### Action item
Exactly the lines from the one containing "希尔顿湿身露乳调戏猛男 性感喷火不惧走光(图)(3)" through the one containing "The image features" in the listing below are to be copied, with the pictures left out.

### Data for this exercise
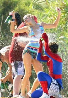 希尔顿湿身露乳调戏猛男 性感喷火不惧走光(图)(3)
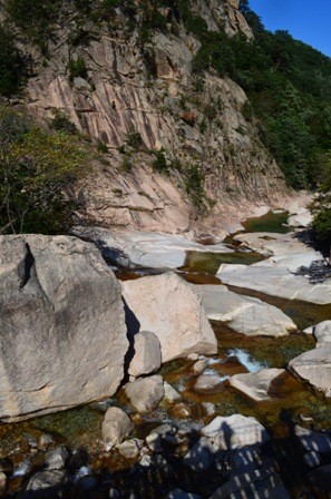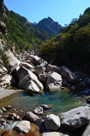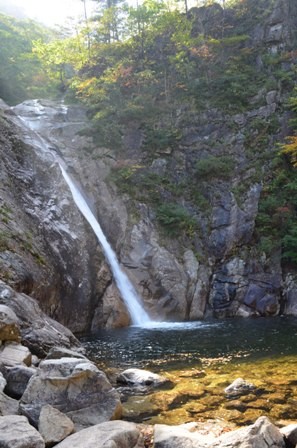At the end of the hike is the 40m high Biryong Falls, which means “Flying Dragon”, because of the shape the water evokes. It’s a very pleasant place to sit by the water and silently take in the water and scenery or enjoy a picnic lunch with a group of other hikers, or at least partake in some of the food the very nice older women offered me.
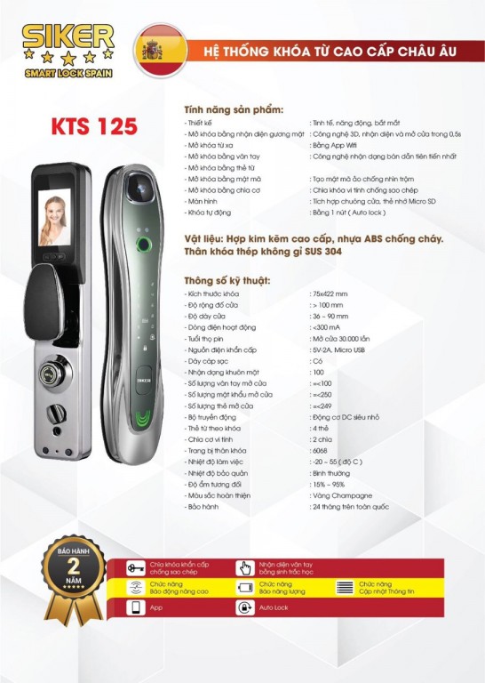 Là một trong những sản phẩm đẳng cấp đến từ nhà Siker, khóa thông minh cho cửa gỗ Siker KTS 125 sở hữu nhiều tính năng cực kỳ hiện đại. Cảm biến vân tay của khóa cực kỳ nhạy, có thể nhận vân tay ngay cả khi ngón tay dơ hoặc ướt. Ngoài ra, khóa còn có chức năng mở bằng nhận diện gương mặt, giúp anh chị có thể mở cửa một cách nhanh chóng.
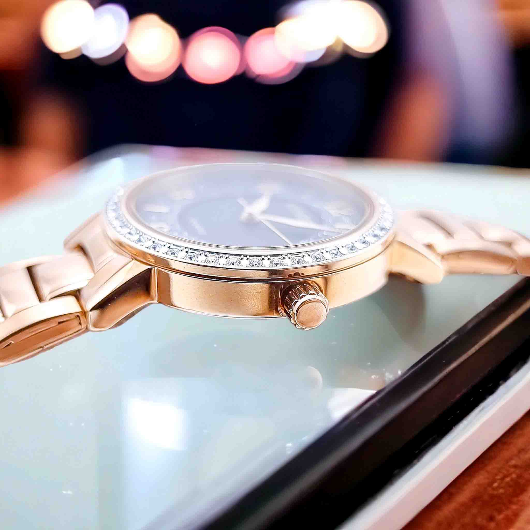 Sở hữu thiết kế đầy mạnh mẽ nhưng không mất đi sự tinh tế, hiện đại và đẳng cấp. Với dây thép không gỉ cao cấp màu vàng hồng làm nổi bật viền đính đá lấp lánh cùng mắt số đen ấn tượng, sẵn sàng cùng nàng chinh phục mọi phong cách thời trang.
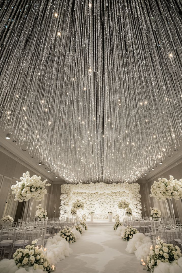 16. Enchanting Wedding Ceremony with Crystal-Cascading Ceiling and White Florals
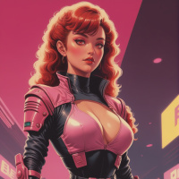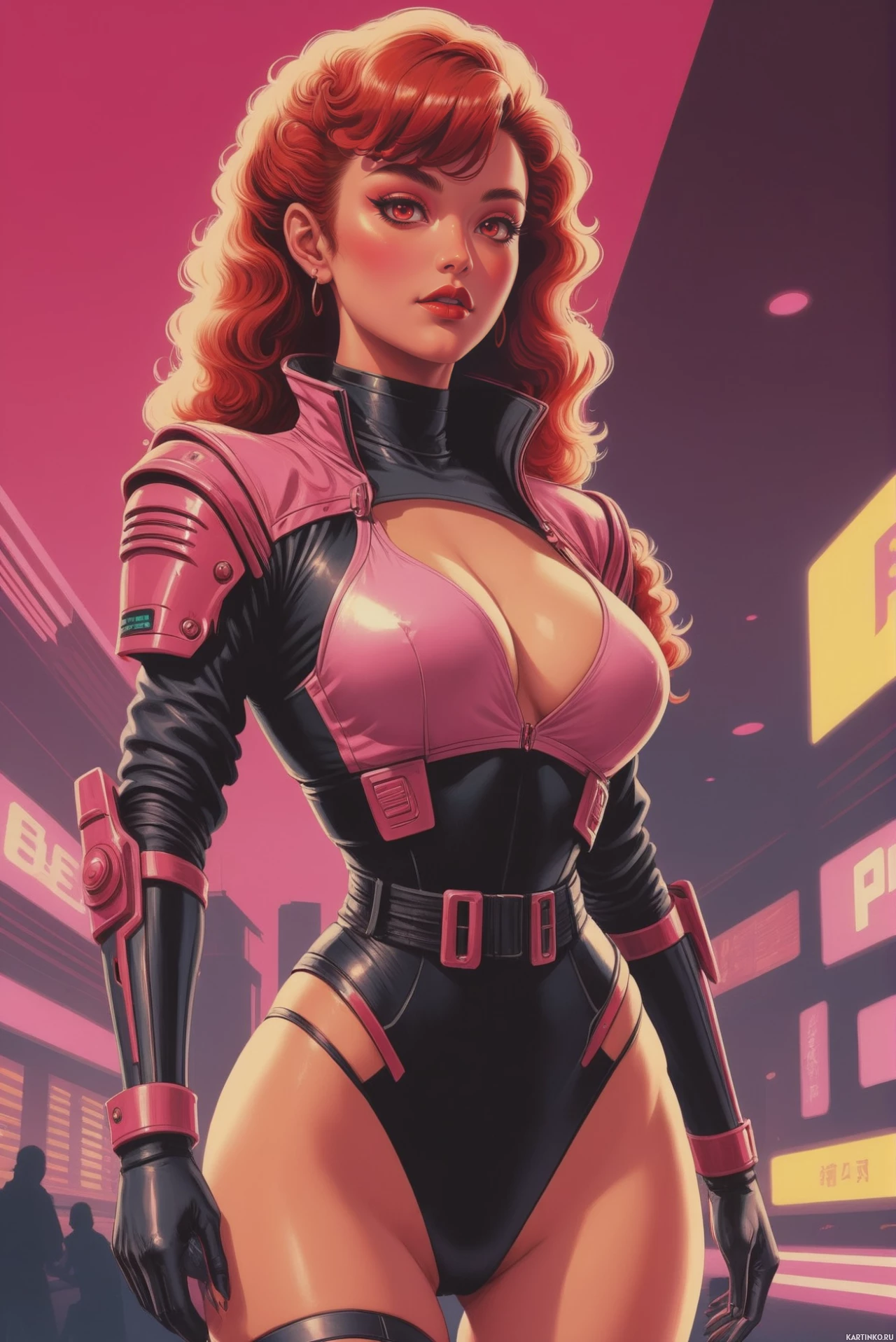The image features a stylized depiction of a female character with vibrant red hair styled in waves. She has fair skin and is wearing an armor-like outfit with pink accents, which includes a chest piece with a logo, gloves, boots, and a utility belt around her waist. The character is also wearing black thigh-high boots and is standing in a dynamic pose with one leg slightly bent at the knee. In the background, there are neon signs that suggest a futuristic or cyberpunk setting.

---

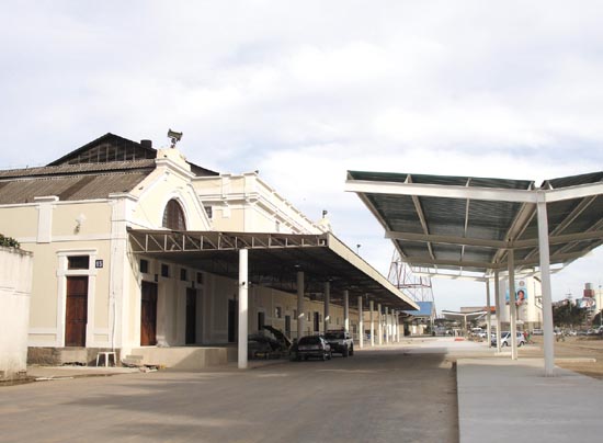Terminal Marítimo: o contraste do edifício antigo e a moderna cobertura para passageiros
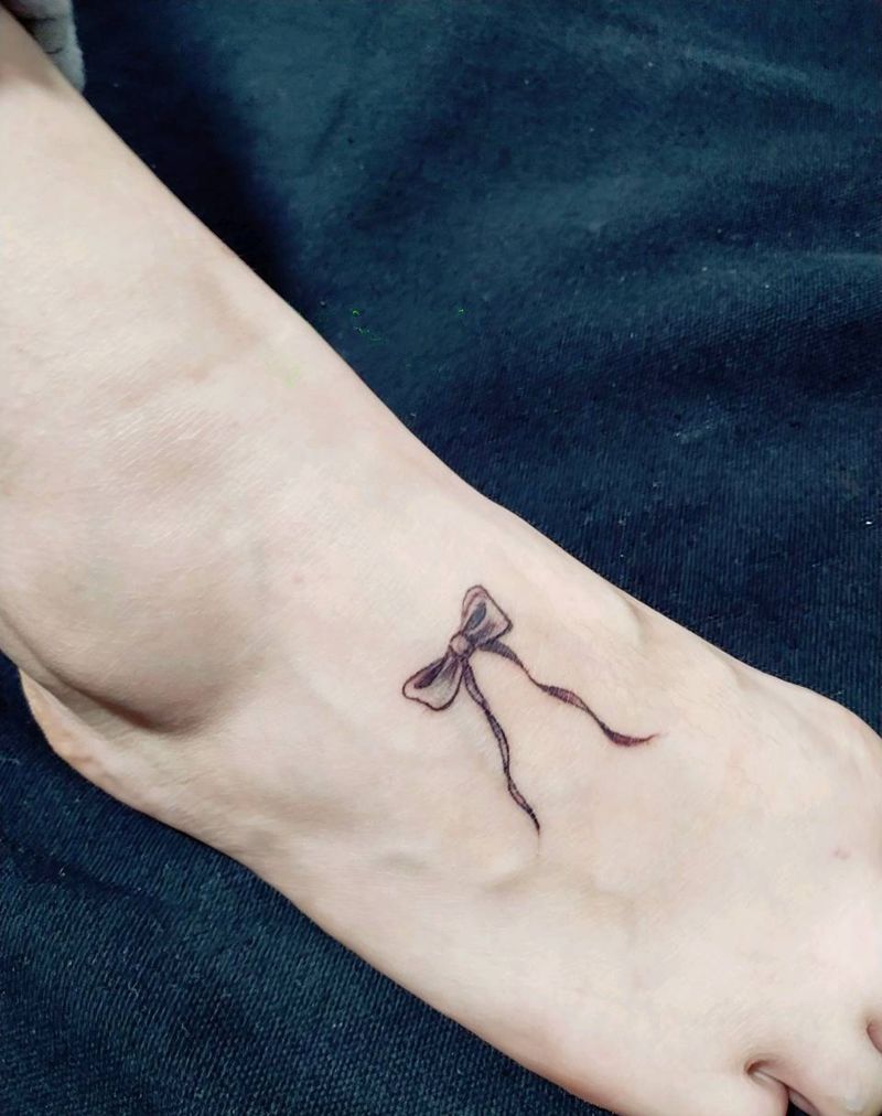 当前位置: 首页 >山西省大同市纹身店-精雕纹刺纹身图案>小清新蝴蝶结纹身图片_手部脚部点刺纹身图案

==

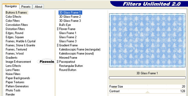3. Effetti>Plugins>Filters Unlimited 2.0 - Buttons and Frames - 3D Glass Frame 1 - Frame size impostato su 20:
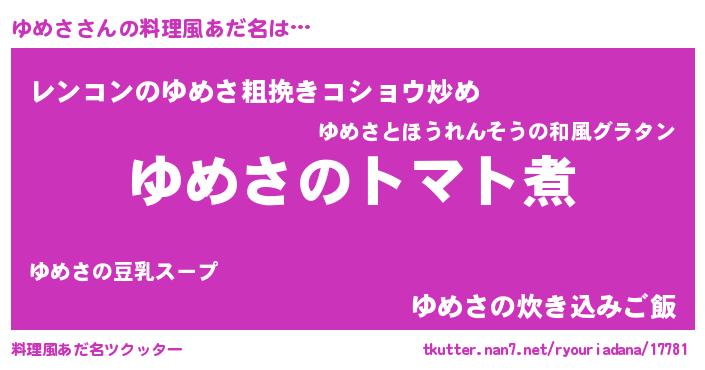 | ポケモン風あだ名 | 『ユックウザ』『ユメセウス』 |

### Solution to the exercise
 希尔顿湿身露乳调戏猛男 性感喷火不惧走光(图)(3)
At the end of the hike is the 40m high Biryong Falls, which means “Flying Dragon”, because of the shape the water evokes. It’s a very pleasant place to sit by the water and silently take in the water and scenery or enjoy a picnic lunch with a group of other hikers, or at least partake in some of the food the very nice older women offered me.
 Là một trong những sản phẩm đẳng cấp đến từ nhà Siker, khóa thông minh cho cửa gỗ Siker KTS 125 sở hữu nhiều tính năng cực kỳ hiện đại. Cảm biến vân tay của khóa cực kỳ nhạy, có thể nhận vân tay ngay cả khi ngón tay dơ hoặc ướt. Ngoài ra, khóa còn có chức năng mở bằng nhận diện gương mặt, giúp anh chị có thể mở cửa một cách nhanh chóng.
 Sở hữu thiết kế đầy mạnh mẽ nhưng không mất đi sự tinh tế, hiện đại và đẳng cấp. Với dây thép không gỉ cao cấp màu vàng hồng làm nổi bật viền đính đá lấp lánh cùng mắt số đen ấn tượng, sẵn sàng cùng nàng chinh phục mọi phong cách thời trang.
 16. Enchanting Wedding Ceremony with Crystal-Cascading Ceiling and White Florals
The image features a stylized depiction of a female character with vibrant red hair styled in waves. She has fair skin and is wearing an armor-like outfit with pink accents, which includes a chest piece with a logo, gloves, boots, and a utility belt around her waist. The character is also wearing black thigh-high boots and is standing in a dynamic pose with one leg slightly bent at the knee. In the background, there are neon signs that suggest a futuristic or cyberpunk setting.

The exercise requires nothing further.